- [Instructions for the task]: In the listing below, the lines starting at the line with "外形寸法 28 (W) x 28 (H) x 42 (D) mm" and ending at the line with "The Pee Wee" are to be output verbatim. Images stay out of the copy.

- [Records shown]:
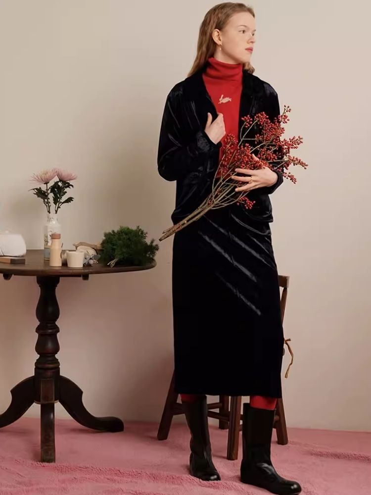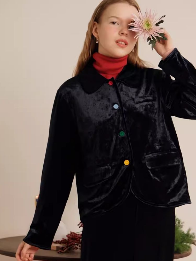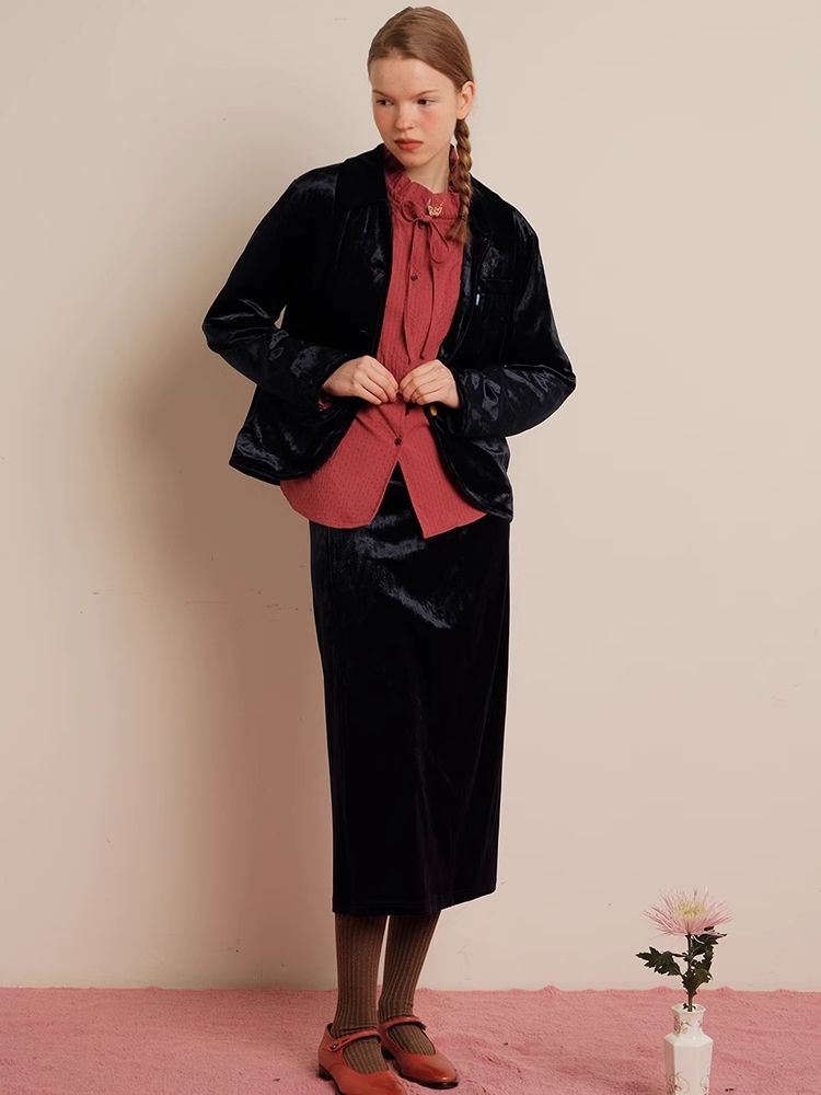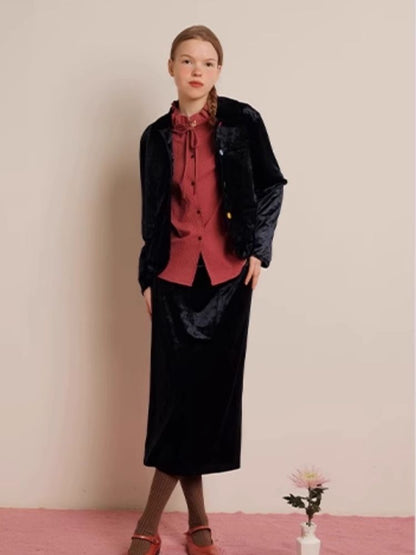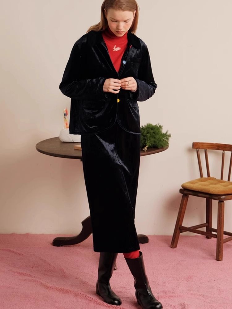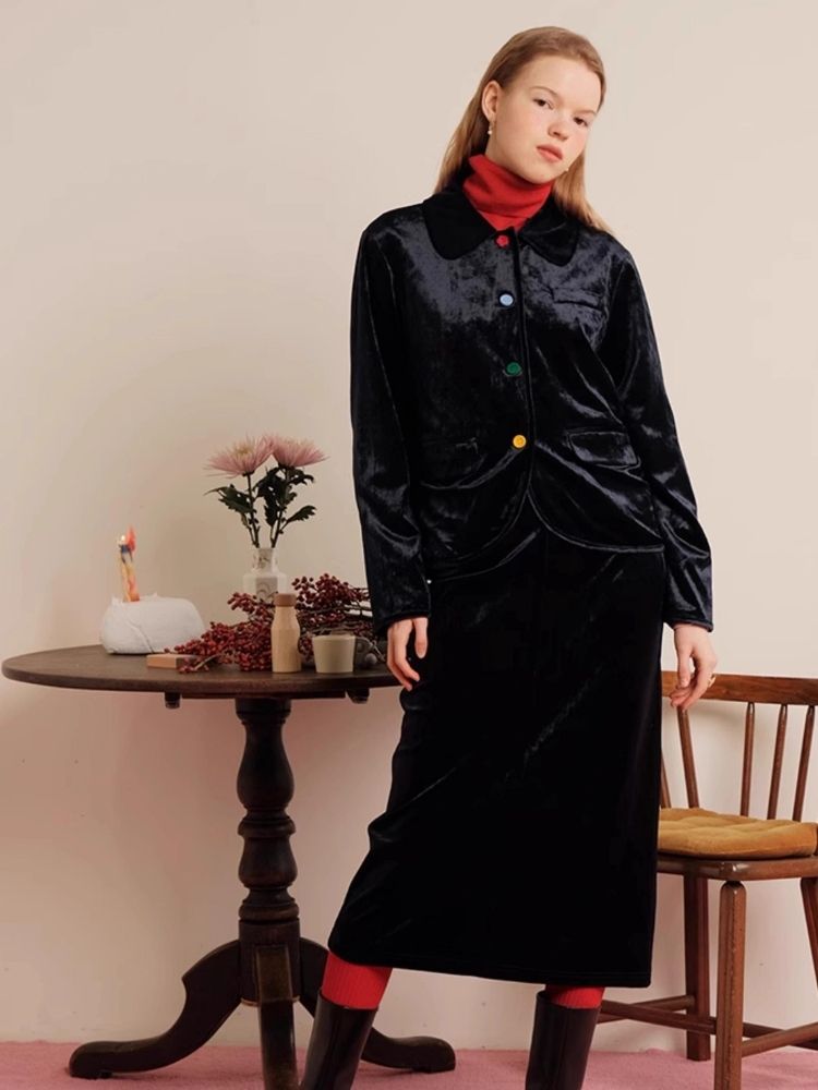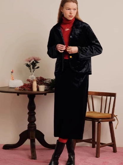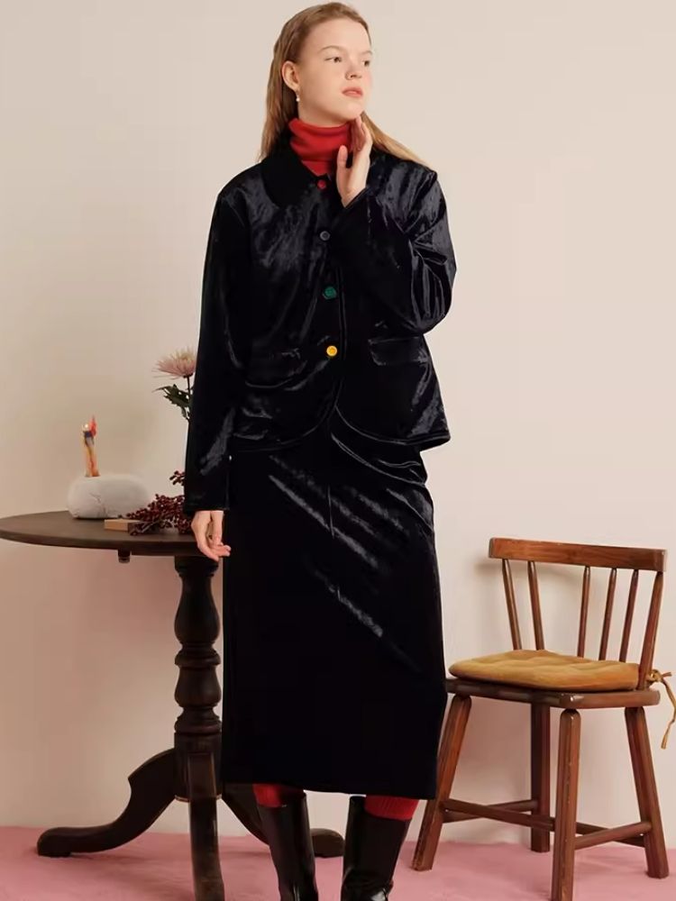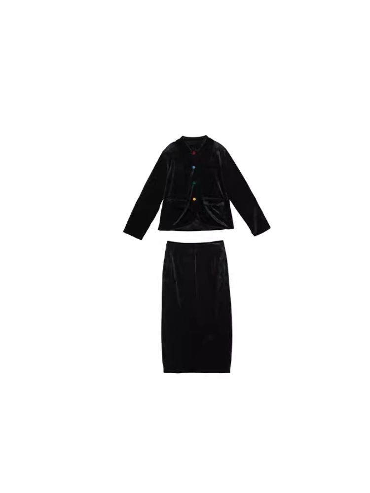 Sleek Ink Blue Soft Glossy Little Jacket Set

* * *

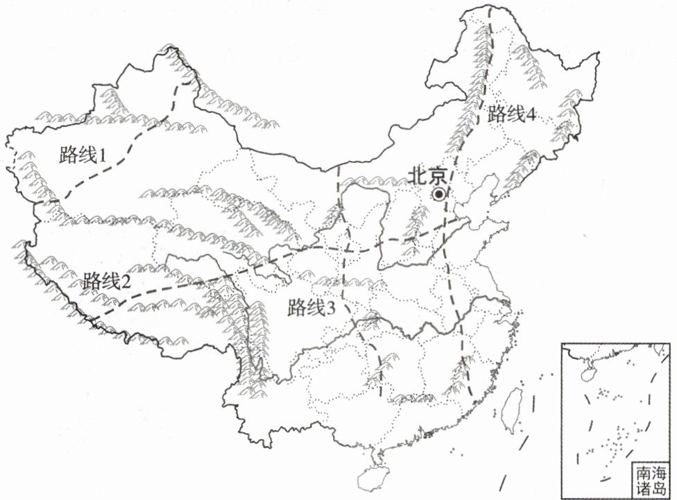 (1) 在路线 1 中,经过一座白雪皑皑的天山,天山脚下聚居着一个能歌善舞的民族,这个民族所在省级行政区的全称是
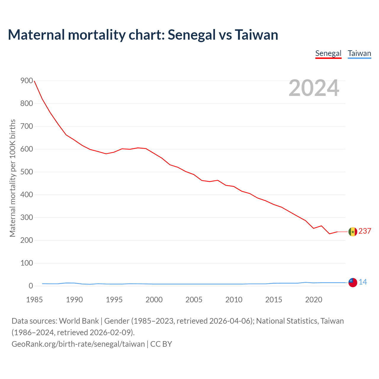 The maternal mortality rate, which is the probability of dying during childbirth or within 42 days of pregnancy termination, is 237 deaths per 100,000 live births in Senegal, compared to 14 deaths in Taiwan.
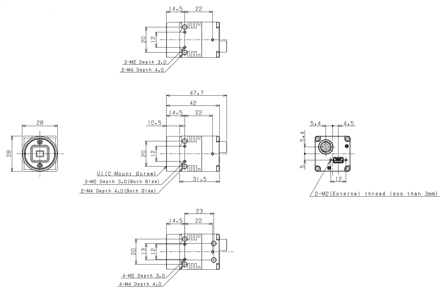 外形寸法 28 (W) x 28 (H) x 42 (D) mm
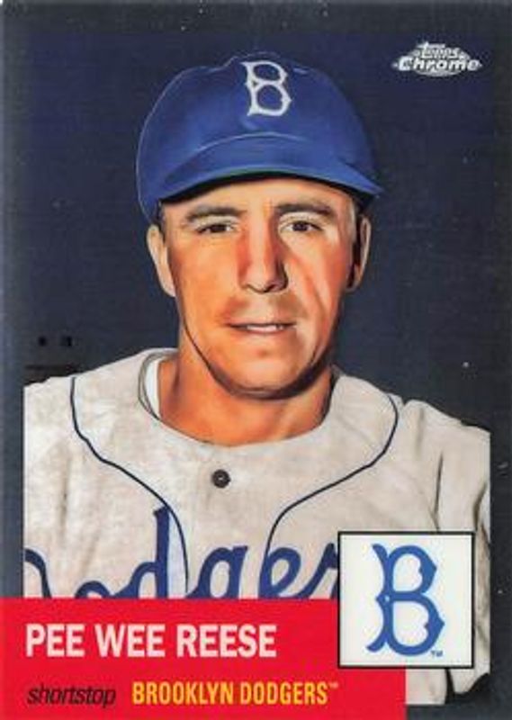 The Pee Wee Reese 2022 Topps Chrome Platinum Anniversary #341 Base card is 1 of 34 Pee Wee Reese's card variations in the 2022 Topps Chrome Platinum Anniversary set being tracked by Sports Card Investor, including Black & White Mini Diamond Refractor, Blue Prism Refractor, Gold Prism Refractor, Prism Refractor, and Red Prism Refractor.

...

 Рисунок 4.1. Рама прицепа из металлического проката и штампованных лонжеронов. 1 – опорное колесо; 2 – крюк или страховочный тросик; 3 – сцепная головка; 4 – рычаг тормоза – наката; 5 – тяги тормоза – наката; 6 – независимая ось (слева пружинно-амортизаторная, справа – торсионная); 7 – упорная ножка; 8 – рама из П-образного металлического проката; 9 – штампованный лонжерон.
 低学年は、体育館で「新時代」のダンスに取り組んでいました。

- [Answer area]:
 外形寸法 28 (W) x 28 (H) x 42 (D) mm
 The Pee Wee Reese 2022 Topps Chrome Platinum Anniversary #341 Base card is 1 of 34 Pee Wee Reese's card variations in the 2022 Topps Chrome Platinum Anniversary set being tracked by Sports Card Investor, including Black & White Mini Diamond Refractor, Blue Prism Refractor, Gold Prism Refractor, Prism Refractor, and Red Prism Refractor.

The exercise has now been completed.